Сыновья долго воспринимали мужчин, появляющихся в доме, как существ, с которыми в моей жизни может быть связано что-то половое и матримониальное. Подсознательно они ждали, что мы помиримся. Налетая на подобное отношение, гости мужского пола, в том числе и те, что в мыслях не имели видов на меня, начинали к сыновьям подлизываться. Выглядело это запредельно. Взрослые дядьки являлись с бутылкой, подпаивали пятнадцатилетних Петра и Павла и изо всех сил вели с ними сальные разговоры. Поскольку бывший муж не пил в принципе, а на язык был благочестив как институтка (это я могла запустить в него десятиэтажным матом, он же за весь брак ни разу не назвал меня даже дурой), сыновья наблюдали за гостями как орнитологи за диковинными птицами, считали их полными идиотами и совершенно не врубались, что такими способами их принимают в мужское братство.
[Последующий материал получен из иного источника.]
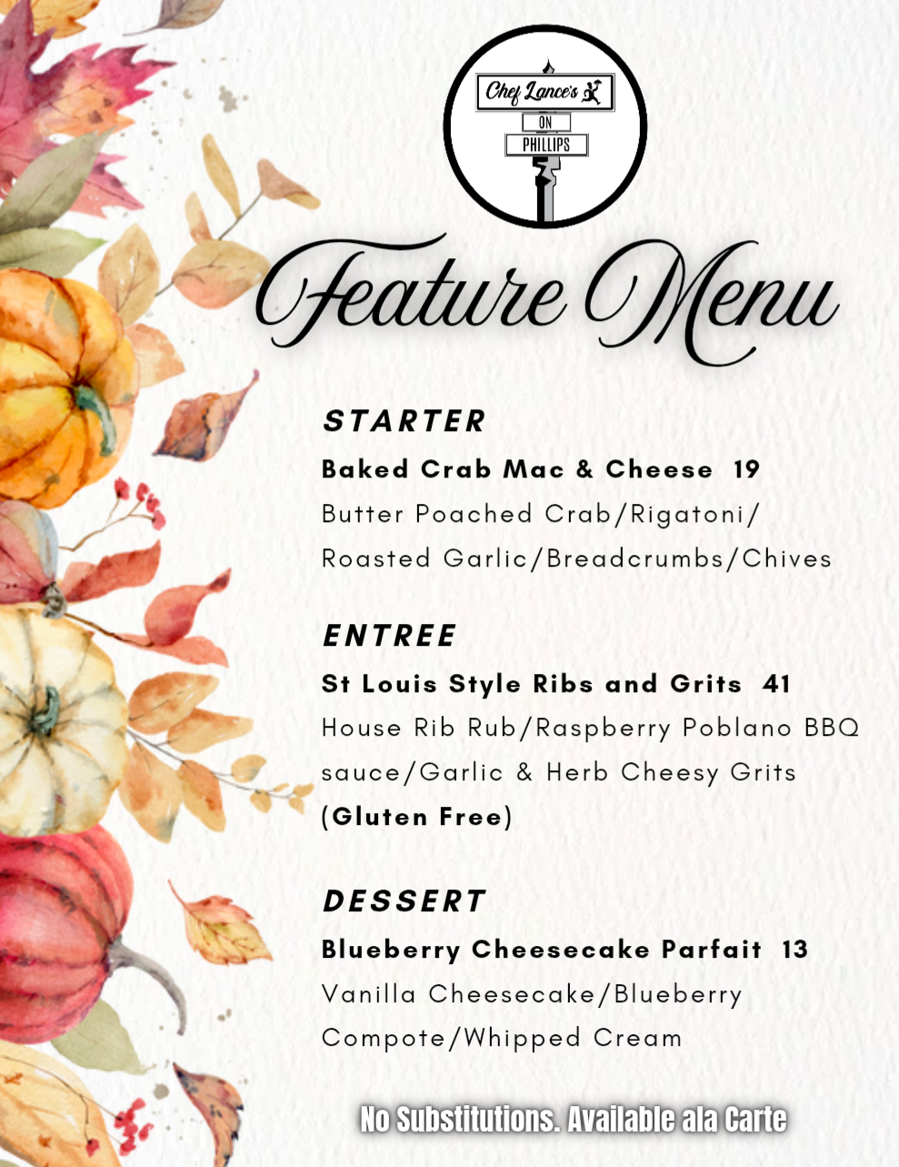 Our Feature Menu for November is available the entire month of November, in addition to our regular menu.

Пришёл июнь, а с ним и драматургический фестиваль, переселившийся из комсомольского дома отдыха в имение Станиславского по имени Любимовка. Имение пребывало в состоянии вороньей слободки, постройки, за исключением оборудованных под актёрский дом отдыха, ещё недавно работали барачными коммуналками. Люди были выселены, но разгромленные комнаты остатками скарба ещё рассказывали истории о них, будя к драматургическим изыскам.
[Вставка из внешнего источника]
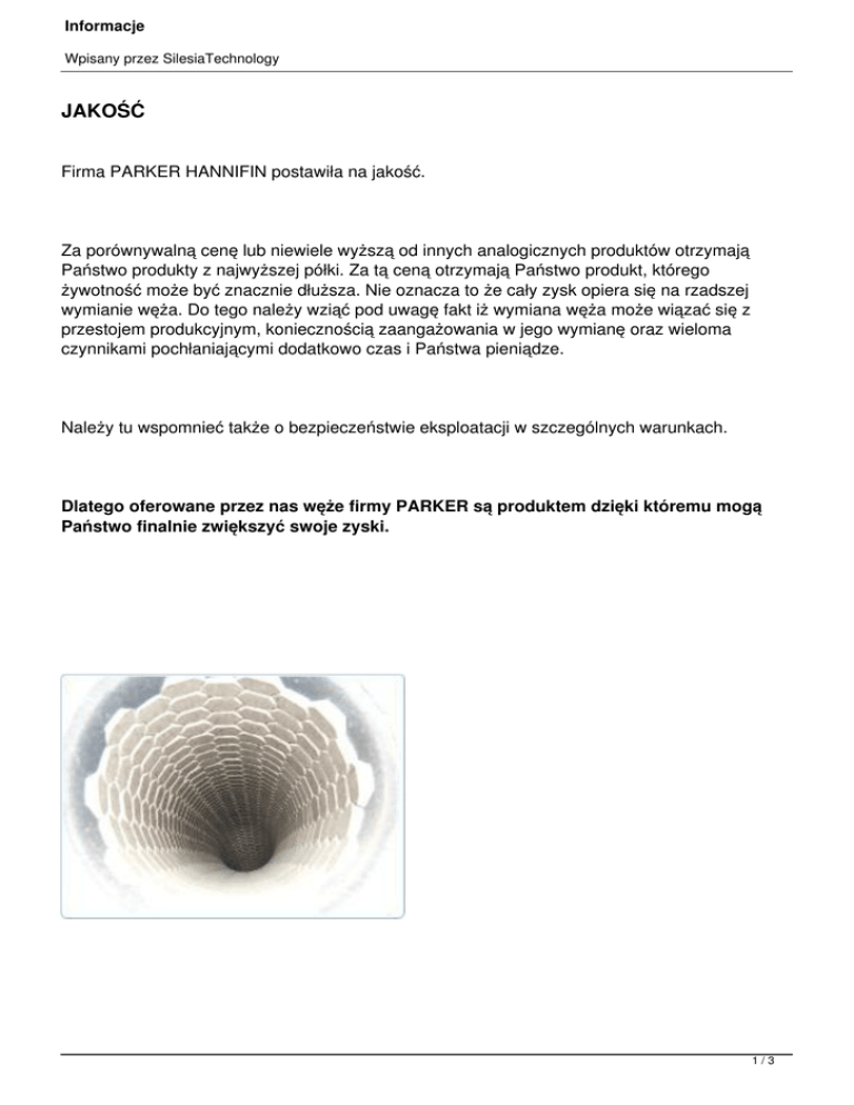 Informacje Wpisany przez SilesiaTechnology JAKOŚĆ Firma PARKER HANNIFIN postawiła na jakość. Za porównywalną cenę lub niewiele wyższą od innych analogicznych produktów otrzymają Państwo produkty z najwyższej półki. Za tą ceną otrzymają Państwo produkt, którego żywotność może być znacznie dłuższa. Nie oznacza to że cały zysk opiera się na rzadszej wymianie węża. Do tego należy wziąć pod uwagę fakt iż wymiana węża może wiązać się z przestojem produkcyjnym, koniecznością zaangażowania w jego wymianę oraz wieloma czynnikami pochłaniającymi dodatkowo czas i Państwa pieniądze. Należy tu wspomnieć także o bezpieczeństwie eksploatacji w szczególnych warunkach. Dlatego oferowane przez nas węże firmy PARKER są produktem dzięki któremu mogą Państwo finalnie zwiększyć swoje zyski. 1/3 Informacje Wpisany przez SilesiaTechnology WŁASNE LOGO Firma PARKER HANNIFIN jako jeden z niewielu dostawców węży umożliwia Państwu nadrukowanie własnego logo lub nazwy firmy na zamówionym produkcie. Rozwiązanie to szczególnie przydatne jest dla producentów urządzeń, w których taki wąż jest jednym z elementów całości rozwiązania. Nadruk powoduje iż zazwyczaj iż użytkownik końcowy takiego urządzenia w razie potrzeby szuka tego elementu u producenta urządzenia, a nie wśród innych proponowanych na rynku węży. Jednocześnie jest to dobre rozwiązanie reklamowe, podnoszące prestiż producenta. Zachęcamy do rozważenia tej propozycji. W razie pytań prosimy o kontakt. DORADZTWO TECHNICZNE Firma nasza służy Państwu pełnym doradztwem techniczym w zakresie złącz i węży przemysłowych. Jako dystrybutor firmy PARKER jesteśmy także wspierani wiedzą tej firmy. Mamy pełen dostęp do informacji technologicznej, dzięki której możemy zaoferować najbardziej optymalne rozwiązania. Pozwoli na zooptymalizowanie Państwa kosztów, poprzez zwiększenie wytrzymałoścł stosowanych elementów, co jednocześnie przełoży się na rzadsze przestoje związane z koniecznocią wymiany tych elementów, a w konsekwencji zmniejszy ilość przestojów w produkcji. 2/3 Informacje Wpisany przez SilesiaTechnology KRÓTKIE TERMINY REALIZACJI Dzięki rozbudowanej sieci dystrybucyjnej firmy PARKER możliwe jest zapewnienie krótkich terminów realizacji zamówień. Dla stałych klientów istnieje możliwość tworzenia zapasów magazynowych. 3/3

Ещё царило общее опьянение свободой, ради него забывались прошлые обиды. Ещё казалось, что на смену идеологической конъюнктуре придут и воцарятся настоящие тексты. Ещё думалось, что тётеньки-хозяйки семинара глубоко раскаялись в службе коммунистическому режиму, что дяденьки мэтры приехали сюда не для того, чтобы подправить собственное здоровье, а чтобы ставить на ноги молодых, что молодые режиссеры изнемогают от желания ставить пьесы своих сверстников, а не прогибаются под хозяевами, чтоб дали поставить хоть что-нибудь. Все разговаривали цитатами из фильма «Покаяние» и искренне поддерживали атмосферу праздника. Шёл 1992 год…
Тексты приехали разные. В основном исторические стилизации, потому что очень трудно было понять что-то про себя. А если понималось, то или с морем крови, или с крестом и кадилом клинической величины, или в национал-патриотической истерике, или с чёрной дырой чернухи. Я приехала с пьесой «Дранг нах вестен», её удачно отыграли, напечатали в альманахе «Драматург», и она побежала по городам и весям.
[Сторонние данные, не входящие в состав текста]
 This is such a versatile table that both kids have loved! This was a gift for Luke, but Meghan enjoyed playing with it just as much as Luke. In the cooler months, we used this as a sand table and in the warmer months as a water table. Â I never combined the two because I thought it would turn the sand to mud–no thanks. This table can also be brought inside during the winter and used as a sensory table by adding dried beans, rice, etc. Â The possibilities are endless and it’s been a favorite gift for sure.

Пьеса в трёх новеллах была написана на двоих, и очень компактно ставилась в условиях филармонии и концертного зала. В первой новелле эмигрирующая в Америку жена художника-шестидесятника объясняла мужу, что, плача о своей загубленной совдепией жизни, он сознательно загубил ей жизнь. Во второй — она и он осваивали пространство дикой эмиграции. В третьей — русский герой на рандеву не выдерживал партнёрства с европеизировавшейся деловой женщиной. Всё это было про меня, про нас, про тех, кто уехал, кто собирался и кто не собирался.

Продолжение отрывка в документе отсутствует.